╭──
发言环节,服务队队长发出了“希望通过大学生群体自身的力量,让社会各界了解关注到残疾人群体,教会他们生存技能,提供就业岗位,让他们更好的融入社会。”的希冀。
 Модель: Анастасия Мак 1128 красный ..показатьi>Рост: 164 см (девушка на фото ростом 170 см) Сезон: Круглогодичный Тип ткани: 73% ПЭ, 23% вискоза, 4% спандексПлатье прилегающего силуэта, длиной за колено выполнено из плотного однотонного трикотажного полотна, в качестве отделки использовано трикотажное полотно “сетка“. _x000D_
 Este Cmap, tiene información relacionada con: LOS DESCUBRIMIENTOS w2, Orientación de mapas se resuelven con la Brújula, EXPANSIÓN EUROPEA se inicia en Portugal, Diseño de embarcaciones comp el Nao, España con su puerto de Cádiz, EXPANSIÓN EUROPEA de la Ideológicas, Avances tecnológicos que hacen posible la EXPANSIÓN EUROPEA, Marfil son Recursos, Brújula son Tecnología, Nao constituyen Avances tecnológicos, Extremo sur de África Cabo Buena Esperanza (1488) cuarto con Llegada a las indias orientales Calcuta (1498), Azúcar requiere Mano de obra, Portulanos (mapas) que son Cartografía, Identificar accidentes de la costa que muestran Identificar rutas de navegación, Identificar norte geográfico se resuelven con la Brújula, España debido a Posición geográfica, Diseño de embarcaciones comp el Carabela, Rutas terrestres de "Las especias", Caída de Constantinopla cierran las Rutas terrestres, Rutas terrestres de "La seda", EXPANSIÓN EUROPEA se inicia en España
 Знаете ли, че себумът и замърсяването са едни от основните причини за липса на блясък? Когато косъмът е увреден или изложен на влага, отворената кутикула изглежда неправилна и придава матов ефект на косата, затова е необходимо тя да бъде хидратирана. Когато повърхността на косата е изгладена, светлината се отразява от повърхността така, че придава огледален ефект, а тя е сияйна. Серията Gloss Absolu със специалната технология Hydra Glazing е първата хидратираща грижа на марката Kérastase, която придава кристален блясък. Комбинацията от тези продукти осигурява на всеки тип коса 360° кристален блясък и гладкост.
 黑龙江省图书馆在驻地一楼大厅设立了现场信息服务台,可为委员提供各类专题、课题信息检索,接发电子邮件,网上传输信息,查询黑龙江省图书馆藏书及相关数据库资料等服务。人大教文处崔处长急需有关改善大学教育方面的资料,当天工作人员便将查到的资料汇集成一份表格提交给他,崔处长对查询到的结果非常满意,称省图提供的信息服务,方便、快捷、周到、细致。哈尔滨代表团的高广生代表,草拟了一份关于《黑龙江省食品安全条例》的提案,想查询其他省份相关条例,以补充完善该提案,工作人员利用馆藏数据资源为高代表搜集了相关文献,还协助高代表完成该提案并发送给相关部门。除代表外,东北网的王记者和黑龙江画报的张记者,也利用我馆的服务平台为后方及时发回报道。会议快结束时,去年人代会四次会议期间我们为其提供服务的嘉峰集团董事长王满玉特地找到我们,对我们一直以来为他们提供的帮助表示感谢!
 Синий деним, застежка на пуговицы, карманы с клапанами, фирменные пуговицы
╰──
**Work item**
There is a run of lines above from the one with "Модель: Анастасия Мак" to the one with "Este Cmap, tiene"; print exactly that run, both ends included, and nothing else.

**Answer**
 Модель: Анастасия Мак 1128 красный ..показатьi>Рост: 164 см (девушка на фото ростом 170 см) Сезон: Круглогодичный Тип ткани: 73% ПЭ, 23% вискоза, 4% спандексПлатье прилегающего силуэта, длиной за колено выполнено из плотного однотонного трикотажного полотна, в качестве отделки использовано трикотажное полотно “сетка“. _x000D_
 Este Cmap, tiene información relacionada con: LOS DESCUBRIMIENTOS w2, Orientación de mapas se resuelven con la Brújula, EXPANSIÓN EUROPEA se inicia en Portugal, Diseño de embarcaciones comp el Nao, España con su puerto de Cádiz, EXPANSIÓN EUROPEA de la Ideológicas, Avances tecnológicos que hacen posible la EXPANSIÓN EUROPEA, Marfil son Recursos, Brújula son Tecnología, Nao constituyen Avances tecnológicos, Extremo sur de África Cabo Buena Esperanza (1488) cuarto con Llegada a las indias orientales Calcuta (1498), Azúcar requiere Mano de obra, Portulanos (mapas) que son Cartografía, Identificar accidentes de la costa que muestran Identificar rutas de navegación, Identificar norte geográfico se resuelven con la Brújula, España debido a Posición geográfica, Diseño de embarcaciones comp el Carabela, Rutas terrestres de "Las especias", Caída de Constantinopla cierran las Rutas terrestres, Rutas terrestres de "La seda", EXPANSIÓN EUROPEA se inicia en España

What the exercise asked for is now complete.